Gull Lover’s Travails.
I have nothing against animal rights, nor indeed against those who wish to be nice to all things great and small. Provided they aren’t wasps (pointless animals if ever there were any), but on the whole, niceness to animals is a good thing and should be encouraged. Banal, unthinking sentimentality, however, is a different kettle of obsolete metaphor.
There are seabirds aplenty in Sunderland. Possibly as many to humans as there were Zulus to Welsh Guards in Zulu. Some of these live around my flat (often waking me up by banging their silly heads against the window), and it’s not uncommon at this time of year to see very young ones, who’ve yet to pass their flying test and still waddle around on the ground a lot. The smaller ones are quite cute, in a strikingly ugly sort of way.
Recently, there have been a couple of these waddling about along my garden path. But somebody in one of the lower flats appears to think that they’ve been orphaned, despite the proliferation of older birds that appear to be keeping an eye on them (giving you the impression, every time you pass by the young ‘uns, that they’re going to remake The Birds on yo’ ass if you so much as think about harming junior).

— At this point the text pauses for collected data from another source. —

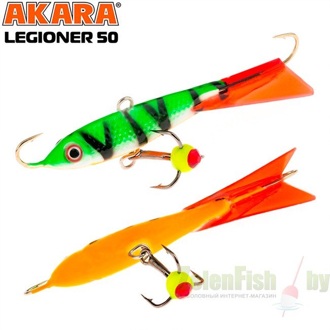 Балансир Akara Legioner 50 разработан для зимней ловли хищных рыб, таких как окунь и судак. Балансир изготовлен из качественных, морозостойких материалов и оснащен высокопрочными крючками и тройниками японской компании Maruto. Длина балансира 50 миллиметров, вес - 9 грамм. Балансиры этой модели красятся в уловистые цвета, причем окрашивание осуществляется с применением флуоресцентных UV красок (светятся в ультрафиолетовом диапазоне), либо с использованием люминесцентных фосфорных красок (светятся в темноте). Балансир прекрасно отзывается на анимацию и имеет яркую, высокоамплитудную игру, которая может спровоцировать на поклевку даже пассивного хищника. Станет прекрасным пополнением арсенала любителей зимней рыбалки.
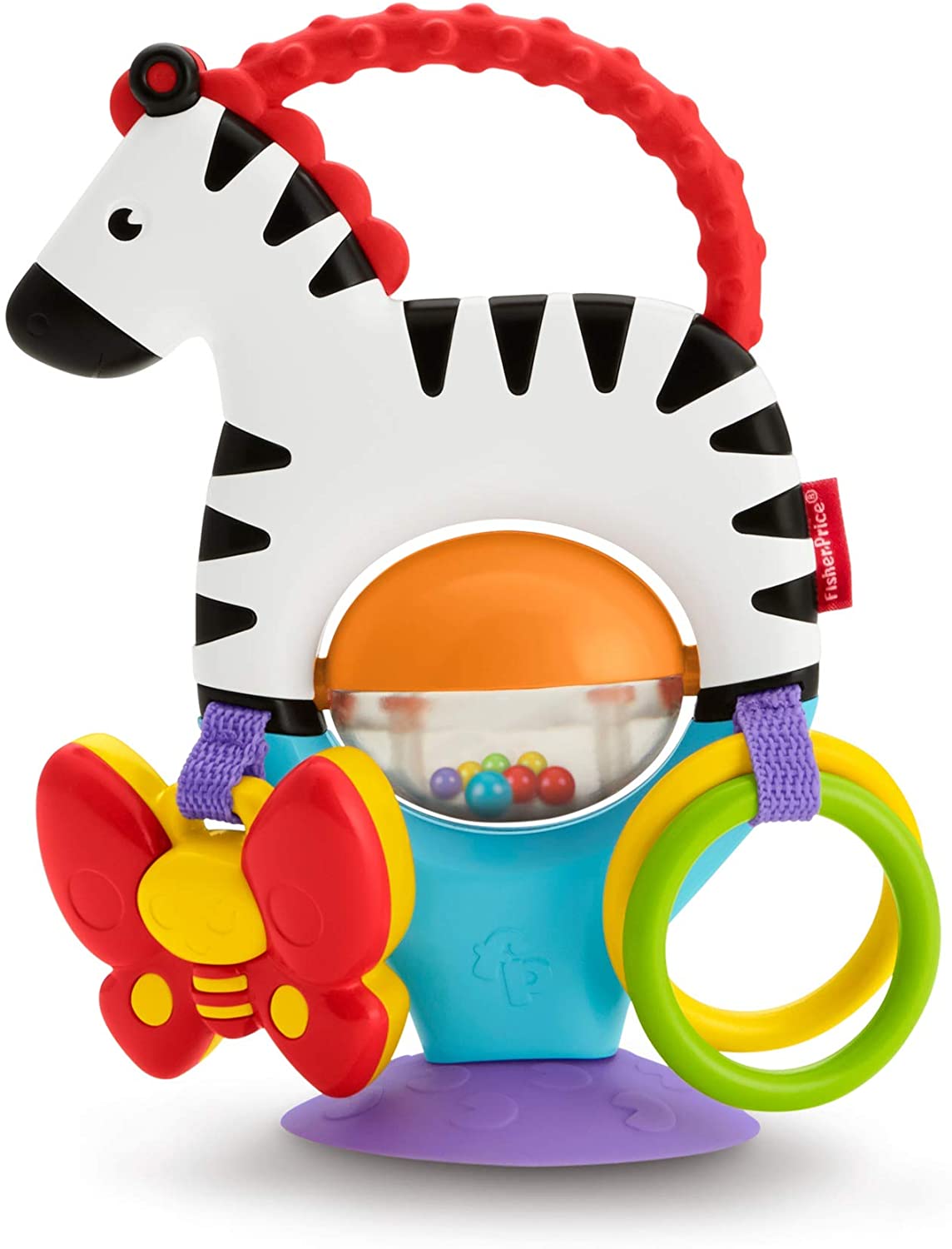 Voici un hochet avec une base ventouse afin de le transporter partout. il peut se fixer sur des surfaces variées tout en offrant diverses activités d'éveil. il est composé de: - une roulette à billes qui tourbillonnent quand le zèbre est en mouvement - un papillon hochet accroché à sa base - 2 anneaux pour développer la motricité fine - une poignée en matériau souple pour accompagner le développement de la dentition
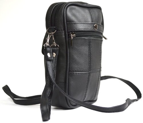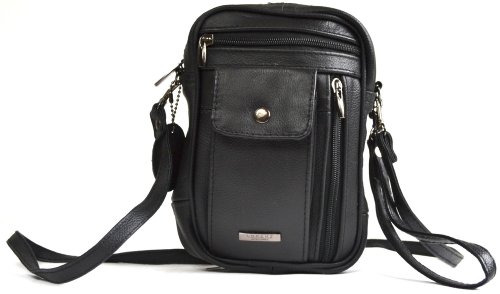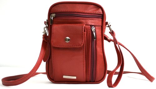 Product Description Unisex Genuine Leather Cross Body Bag with Multiple Zipped Pockets and Glasses / Mobile Phone Pocket (Tan, Red or Black). Approx sizing. Length: 14cm, Width: 4cm, Height: 20cm. Adjustable Removable Shoulder Strap 120cm. Fully Lined (incl all pockets) with Material to Match Bag Colour. 1 Main Top Zipped Compartment. 2 Front Zipped Pockets. 1 Zipped Back Pocket and 1 Pop Button Back Pocket. Mobile Phone or Glasses Pouch with Button Clasp. 0
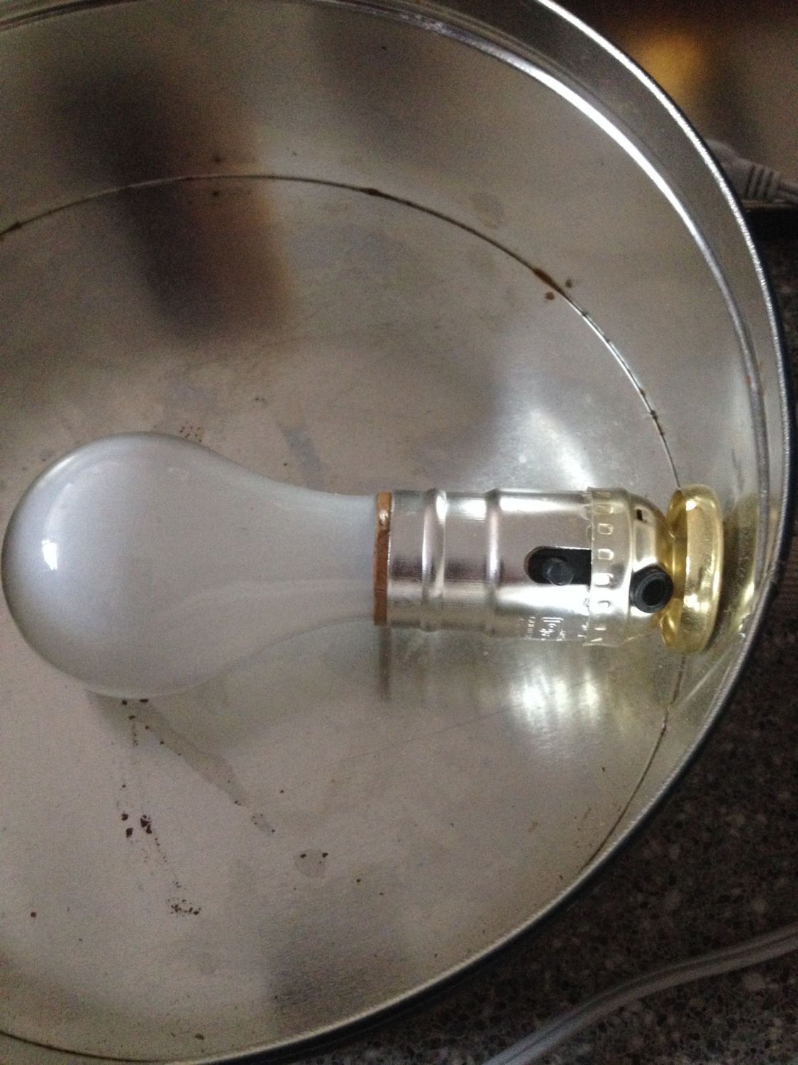 Okay here's the building of a cookie tin heater. Again I use a 40 watt bulb. 25 watt doesn't heat enough. 60 watt gets the metal too hot. (No burning the chickens or the coop! )

In a move which might make conclusion jumping a new Olympic sport, this person has put a box outside the front door, and set inside it an old blanket and some straw. And a nice little bowl of water in case it gets thirsty. Aww, how sweet!
Yes, the thought is quite lovely. It’s just a shame that that was the person’s only thought (possibly the only one for a long time). And because this person could not realise that it was clearly being looked after by other birds, I now have to negotiate my way past a box on my way out, avoiding seven shades of seagull shit into the bargain, whilst also making sure that I don’t stand on any of the little darlings in the process.
The morbid irony of it, is that to the neighbourhood cats this might be like a new KFC opening. I’m hoping this won’t be the case.